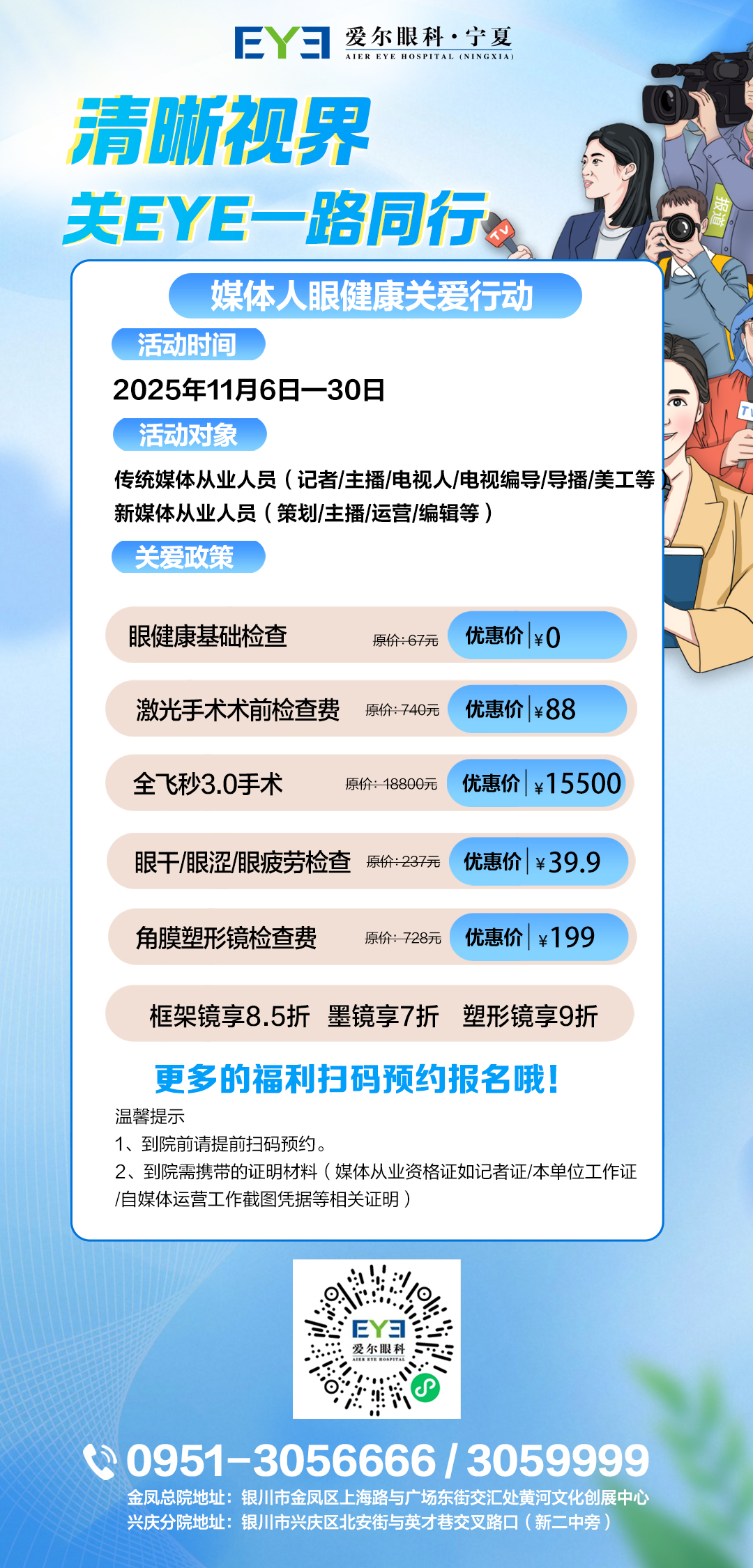 據(jù)了解,為了讓媒體人更好地了解自己的眼健康狀況,及時發(fā)現(xiàn)并治療眼部疾病,寧夏愛爾眼科醫(yī)院于11月6日-30日針對傳統(tǒng)媒體從業(yè)人員(記者、主播、電視人、電視編導、導播、美工等)、新媒體從業(yè)人員(策劃、主播、運營、編輯等)開展“清晰視界,關eye一路同行”媒體人眼健康關愛行動。憑媒體從業(yè)資格證如記者證、本單位工作證、自媒體運營等相關工作證明到院可享受眼健康檢查、近視手術、配鏡、干眼檢查及理療等專屬活動價格優(yōu)惠。(圖片由醫(yī)院提供)
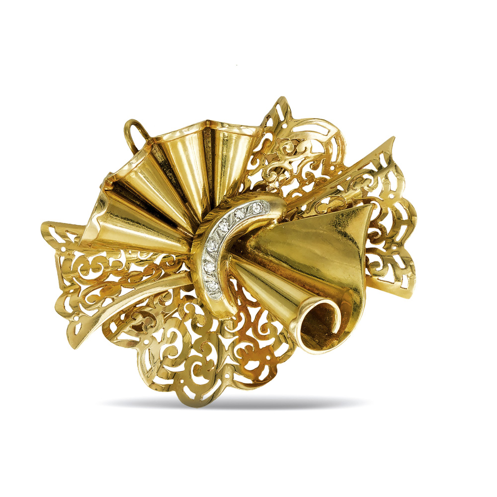 Spilla pendente a fiocco in oro giallo 18ktanni 40/50peso 20,3 gr.centrata da una riviere di diamanti taglio brillante montati su oro bianco
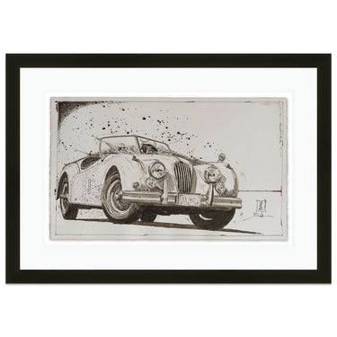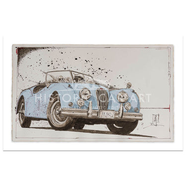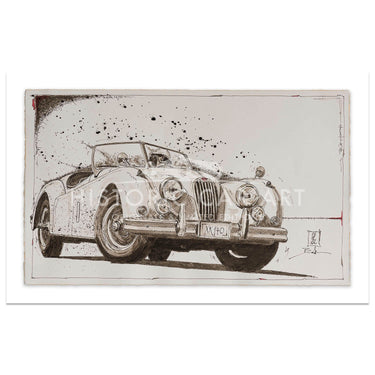 An art print of the Jaguar XK140, from an original ink drawing.
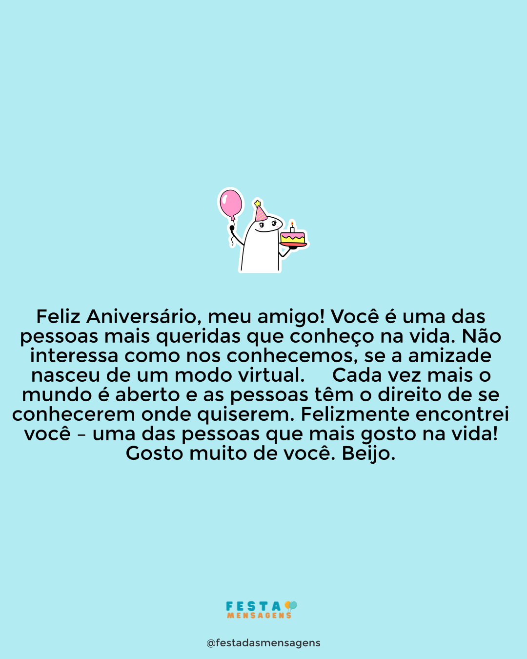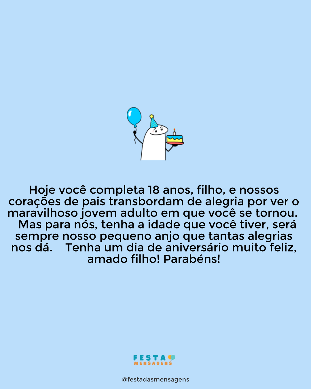 Parabéns, meu filho querido! Você está cada vez maior, cada dia mais adulto. Hoje celebramos mais um ano vivido em grande estilo, com aventuras e experiências sem fim. Aproveite intensamente sua adolescência! As coisas que você aprecia hoje já não são as mesmas de há alguns anos, mas eu continuo a amá-lo com a mesma verdade. Os interesses mudam, as pessoas evoluem: esse é seu caso também, filho. Eu não sei como descrever o que sinto, porque é uma mistura de alegria com nostalgia, de paz por ver você crescer de bem com a vida e também de angústia por não estar sempre junto. Sentir é uma coisa complicada! Só espero e lhe peço, por favor, que nunca se desvie do caminho que considera ser o seu. Divirta-se sempre muito, porque a vida tem de ser aproveitada com alegria e corra atrás de todos seus sonhos. A adolescência é uma coisa bonita. Aproveite-a, filho!
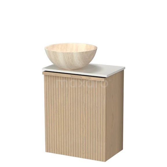 Modulo Plus Pico WC-Möbel mit Aufsatzwaschbecken | 41 cm Eiche Natur Gerippte Front Travertin Aufsatzwaschbecken aus Naturstein
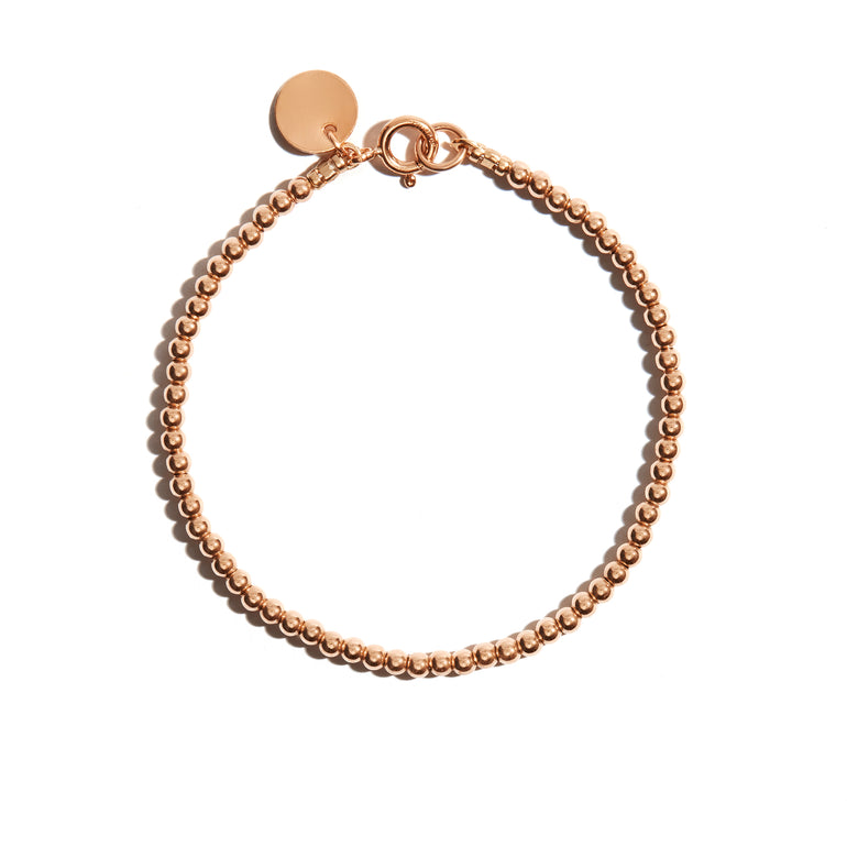 Our Delicate Stacking Bracelet is a simple style with small, delicate gold beads and a gold coin charm at the clasp. It is a classic, simple style making it an elegant and feminine choice when worn alone, but is also a perfect base for stacking.
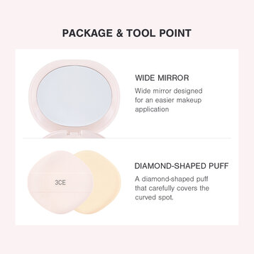 • Thiết kế bông mút hình kim cương với phần cạnh được uốn cong tinh tế giúp che phủ một cách tối đa những vùng công trên khuôn mặt như hai bên cánh mũi hoặc quanh mắt, giúp đem lại lớp nền được tán đều trên toàn bộ khuôn mặt.
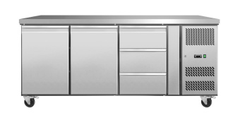 Стол холодильный Koreco GN/3100TNL2D3 островной с 2 дверьми GN1/1, с 3 ящиками
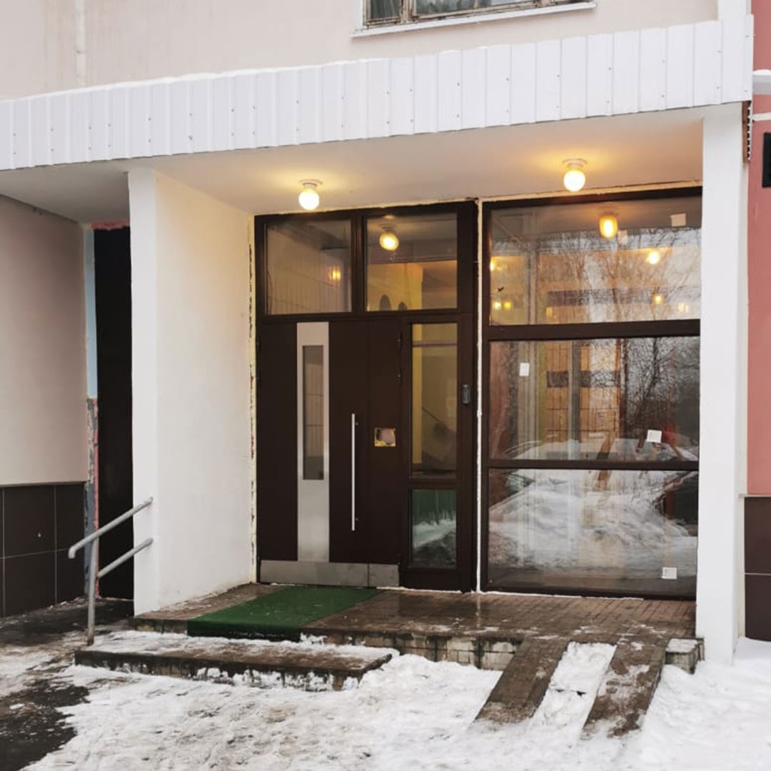 Остекление подъезда многоквартирного дома. Белые и ламинированные конструкции.

══════════

■ **TASK BRIEF**:
Would you reproduce the listing above in full and exactly, without its pictures?

■ **TASK RESPONSE**:
 據(jù)了解,為了讓媒體人更好地了解自己的眼健康狀況,及時發(fā)現(xiàn)并治療眼部疾病,寧夏愛爾眼科醫(yī)院于11月6日-30日針對傳統(tǒng)媒體從業(yè)人員(記者、主播、電視人、電視編導、導播、美工等)、新媒體從業(yè)人員(策劃、主播、運營、編輯等)開展“清晰視界,關eye一路同行”媒體人眼健康關愛行動。憑媒體從業(yè)資格證如記者證、本單位工作證、自媒體運營等相關工作證明到院可享受眼健康檢查、近視手術、配鏡、干眼檢查及理療等專屬活動價格優(yōu)惠。(圖片由醫(yī)院提供)
 Spilla pendente a fiocco in oro giallo 18ktanni 40/50peso 20,3 gr.centrata da una riviere di diamanti taglio brillante montati su oro bianco
 An art print of the Jaguar XK140, from an original ink drawing.
 Parabéns, meu filho querido! Você está cada vez maior, cada dia mais adulto. Hoje celebramos mais um ano vivido em grande estilo, com aventuras e experiências sem fim. Aproveite intensamente sua adolescência! As coisas que você aprecia hoje já não são as mesmas de há alguns anos, mas eu continuo a amá-lo com a mesma verdade. Os interesses mudam, as pessoas evoluem: esse é seu caso também, filho. Eu não sei como descrever o que sinto, porque é uma mistura de alegria com nostalgia, de paz por ver você crescer de bem com a vida e também de angústia por não estar sempre junto. Sentir é uma coisa complicada! Só espero e lhe peço, por favor, que nunca se desvie do caminho que considera ser o seu. Divirta-se sempre muito, porque a vida tem de ser aproveitada com alegria e corra atrás de todos seus sonhos. A adolescência é uma coisa bonita. Aproveite-a, filho!
 Modulo Plus Pico WC-Möbel mit Aufsatzwaschbecken | 41 cm Eiche Natur Gerippte Front Travertin Aufsatzwaschbecken aus Naturstein
 Our Delicate Stacking Bracelet is a simple style with small, delicate gold beads and a gold coin charm at the clasp. It is a classic, simple style making it an elegant and feminine choice when worn alone, but is also a perfect base for stacking.
 • Thiết kế bông mút hình kim cương với phần cạnh được uốn cong tinh tế giúp che phủ một cách tối đa những vùng công trên khuôn mặt như hai bên cánh mũi hoặc quanh mắt, giúp đem lại lớp nền được tán đều trên toàn bộ khuôn mặt.
 Стол холодильный Koreco GN/3100TNL2D3 островной с 2 дверьми GN1/1, с 3 ящиками
 Остекление подъезда многоквартирного дома. Белые и ламинированные конструкции.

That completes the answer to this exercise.